Ci pare apprezzabile questo tentativo di valutare l’efficacia, focalizzando l’attenzione sul lungo periodo, delle forme di risparmio in relazione al rendimento e ai costi. L’impostazione adottata non è purtroppo consueta: più di un aderente ci segnala che, nella promozione delle forme di risparmio, anche previdenziale, vengono talvolta utilizzati per scopi “commerciali” rendimenti riferibili a periodi molto brevi, tipicamente i singoli anni (quelli migliori): un’attrazione per il risparmiatore, che può diventare proiezione (accattivante) di futuri rendimenti.
Sappiamo che ripetere i risultati passati nel futuro non è così semplice: il tema, fra l’altro, è di estrema attualità sapendo che, proprio in questi mesi, il rendimento dei portafogli prevalentemente obbligazionari (vedi ad esempio il comparto Garantito TFR) è straordinariamente elevato (+6,10% dal 1/1/14 al 31/07/14): sarebbe illusorio e poco professionale utilizzare tali risultati come parametro di stima dei rendimenti che verranno. Andrebbe piuttosto evidenziato il problema della “carenza di rendimento”, aspetto certamente non nuovo per chi ci segue con costanza e che anche il “Sole” ben sintetizza in un articolo che si trova nello stesso numero dal titolo inequivocabile: “Bond governativi: la festa è finita”.

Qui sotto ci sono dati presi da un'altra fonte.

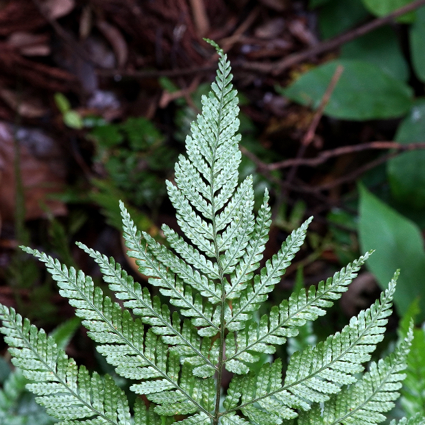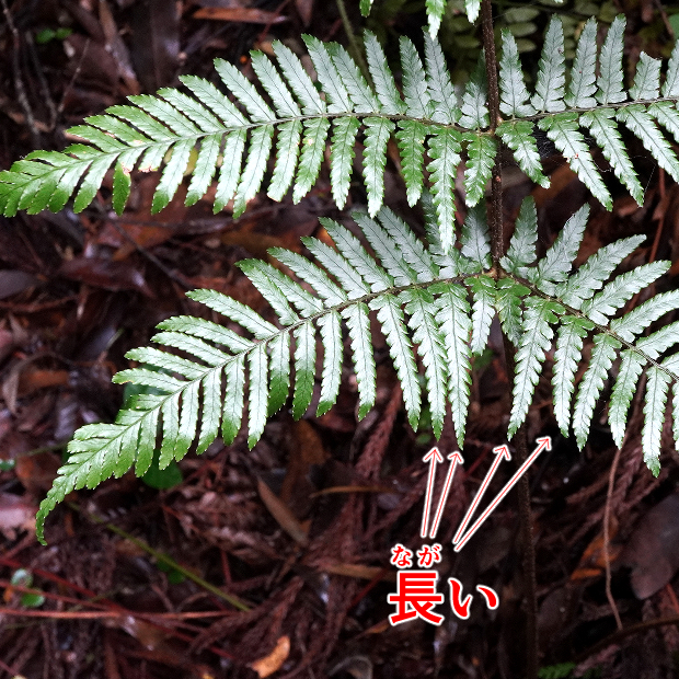 近年の研究でベニシダは、 大昔にハチジョウベニシダとマルバベニシダが交雑して生まれたと考えられています。 マルバベニシダは、 ベニシダよりも葉が厚くパリパリとした質感で、 小羽片に丸みがあるのが特徴です。 つまりハチジョウベニシダは、 ベニシダからこの特徴を抜いたものだと意識しておくと見当をつけやすいです。 ただし、 この両種は外見がほぼ同じのことがあり、 これだけですべての個体を見分けるのは困難だともいわれています。

Sintetizziamo anche noi alcuni dati indicati nell’articolo, per poi capire in che modo può collocarsi la storia di Solidarietà Veneto nell’analisi di lungo periodo.
Partiamo dal risultato finale. Nel trentennio analizzato i Fondi Comuni realizzano un rendimento netto annuo pari al 1,44%: tanto il Sole 24 Ore che Mediobanca commentano in maniera piuttosto severa tale risultato, inferiore, ad esempio, al rendimento derivante da un investimento in BOT a 12 mesi.

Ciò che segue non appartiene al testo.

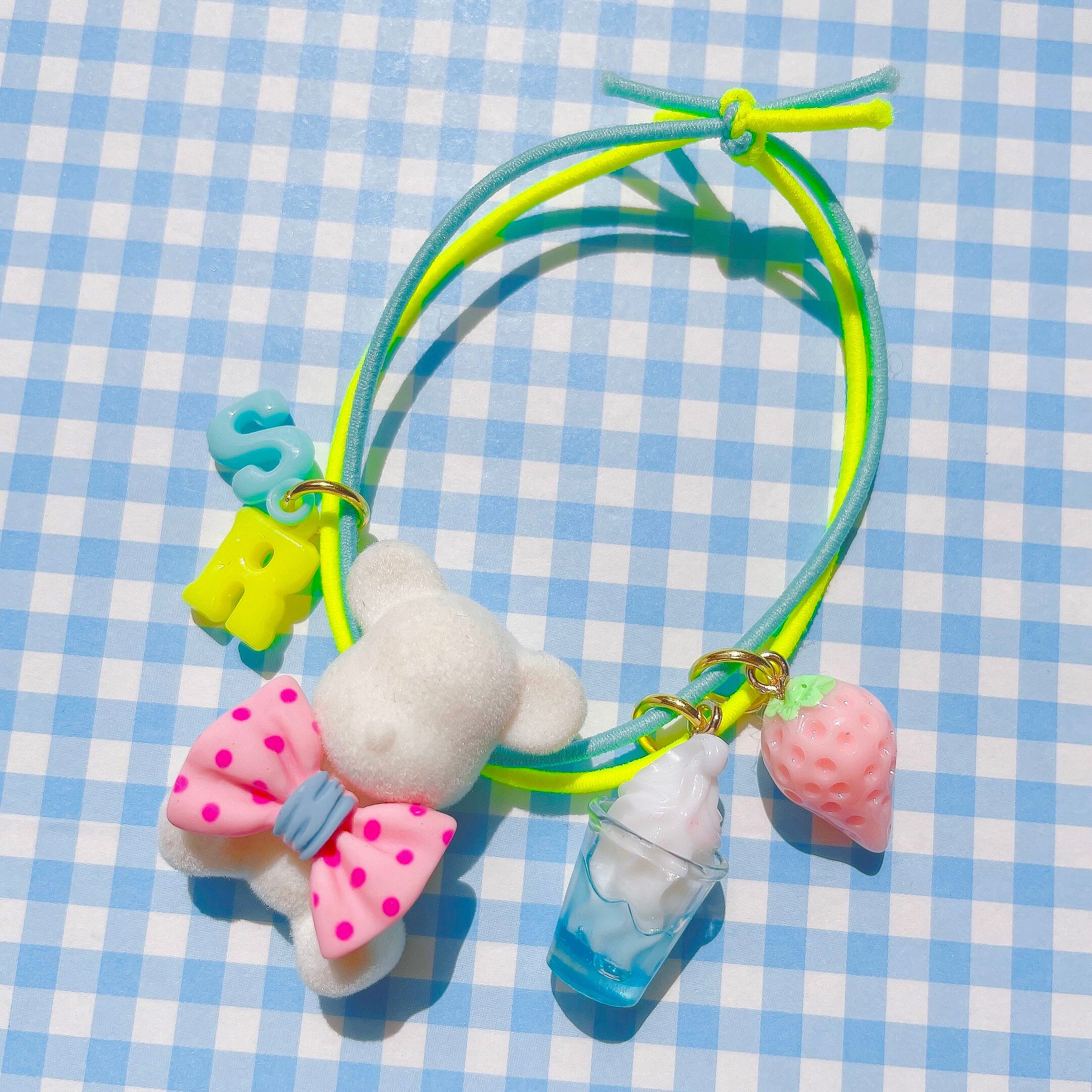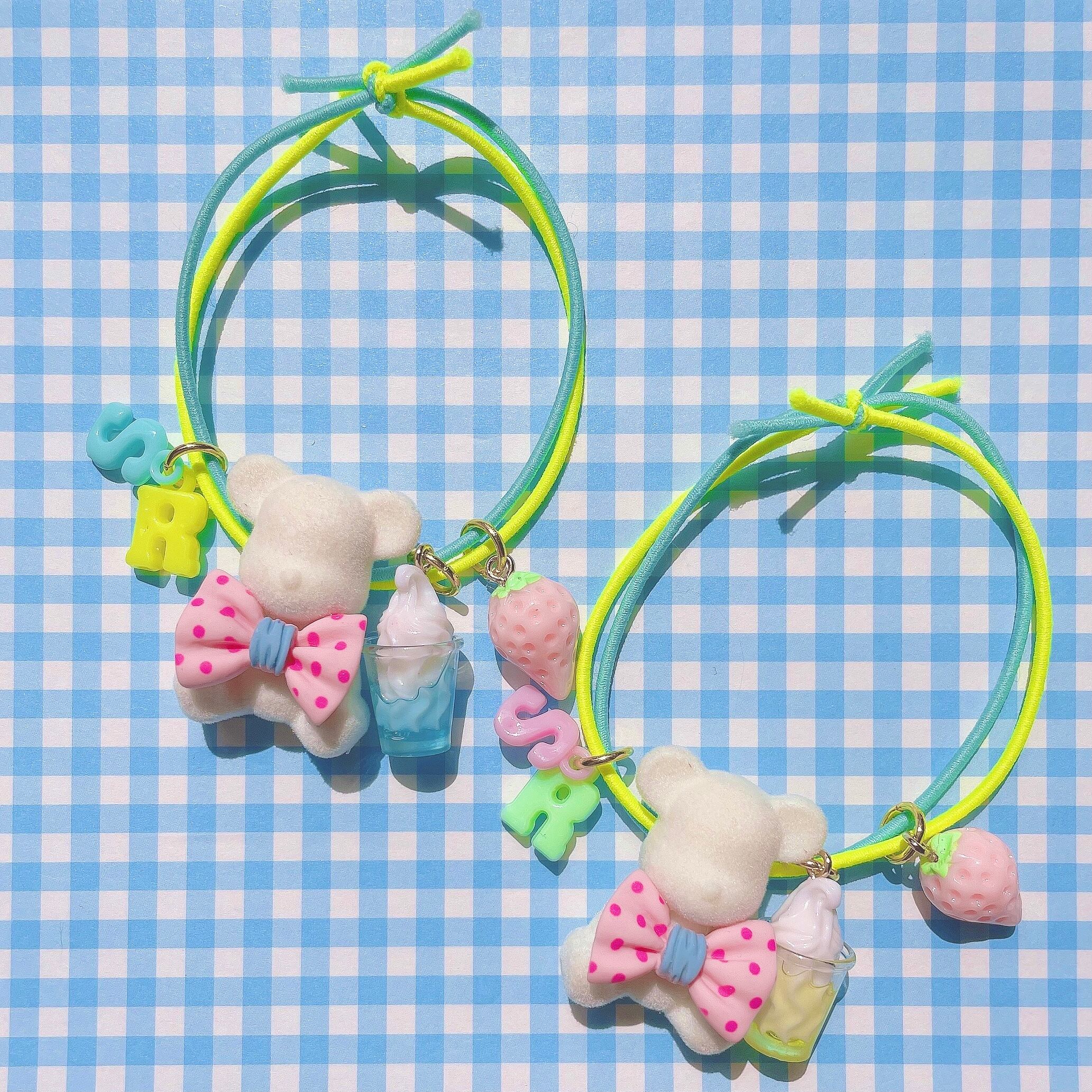 ドットリボンでおめかししたフロッキー素材のくまちゃんと、クリームソーダ、苺が揺れるヘアポニー。

Riguardo ai Fondi Pensione contrattuali, l’analisi di Mediobanca parte invece dal 1998 (15 anni fa circa presero avvia le gestioni dei primi fondi nazionali categoriali). Plus-24 titola, con riferimento alla tipologia, “I negoziali hanno ottenuto dal 1998 al 2013 il 2,8%”. Solidarietà Veneto, peraltro, aveva già avviato il suo percorso già dal 1990, per cui ci è possibile, utilizzando i dati di Mediobanca, riprodurre il confronto anche rispetto a tutta la storia (24 anni) del fondo pensione territoriale. Gli altri periodi analizzati nel lavoro di Mediobanca sono il quinquennio (2009-2013), il decennio (2004-2013), il “tredicennio” (2001-2013).

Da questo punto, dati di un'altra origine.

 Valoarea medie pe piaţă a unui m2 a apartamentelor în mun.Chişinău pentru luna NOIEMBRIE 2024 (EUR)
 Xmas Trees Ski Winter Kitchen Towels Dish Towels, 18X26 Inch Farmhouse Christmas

Nella tabella che segue riportiamo il risultato (rendimento netto medio annuo) del confronto su tutte queste scadenze.
Nel rapporto Mediobanca, si dice che “l’industria dei fondi continua a rappresentare un apporto distruttivo di ricchezza per l’economia del Paese”.
Possiamo dire, numeri alla mano che i risultati netti realizzati dai lavoratori che nel corso di questi 24 anni hanno scelto Solidarietà Veneto sono spiazzanti: su tutte le scadenze riportate, qualunque fosse stato il percorso di investimento adottato, il lavoratore avrebbe sempre ottenuto risultati superiori a qualsiasi competitor. Non si sta in questo caso enfatizzando un risultato di breve termine: crediamo quindi che l’analisi sia preziosa e avvalori le scelte fatte dal CdA del Fondo negli anni.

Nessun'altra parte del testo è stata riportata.